This from John Ellinwood:

"I don't see the connection," between fundraisers featuring weapons and the shootings. "I don't know this person; we cannot find any records that he was associated with the campaign in any way. I just don't see the connection.

"Arizona is a state where people are firearms owners—this was just a deranged individual."

Ellinwood is a spokesperson for Gifford's opponent in last November's election.
During his campaign, Republican challenger Jesse Kelly held fundraisers where he urged supporters to help by joining him to shoot a fully loaded M-16 rifle.
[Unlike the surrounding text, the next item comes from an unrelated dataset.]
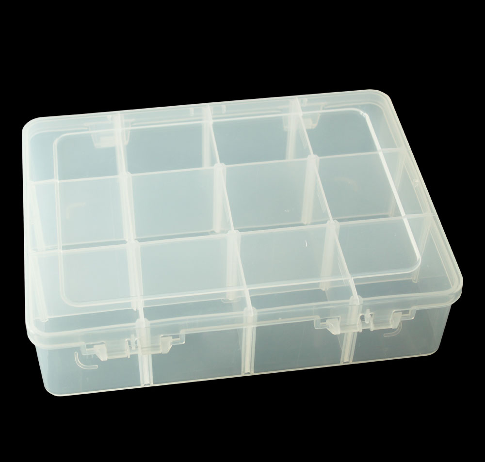 1) 材料:透明PP 2) 柔韧的铰链设计,易于打开与保存 3) 有可移动的间隔,大小组合可以不同 4) 折叠时可以节省空间的设计 5) 广泛用于电子元件,药丸,以及鱼钩 鱼饵的存储等行业

Kelly is a former Marine who served in Iraq and was pictured on his website in military gear holding his automatic weapon and promoting the event.

Again Ellinwood:

"I just don't see the connection."

The connection that Ellinwood is so remarkably unable to make is that of a deranged individual swimming in the cesspool of violence and finding firearms to be an acceptable solution to his problem.

"Deranged individual." That is always the title, the alibi given perpetrators so the rest of us can take comfort in the fact he's not like us.

I've never been a fan of the "we are all guilty" mantra that follows outrages and tragedies, but I am more than willing to make an exception this time.

We are guilty of adding to the polluted atmosphere anytime we let a hateful, violence-inciting remark pass unchallenged.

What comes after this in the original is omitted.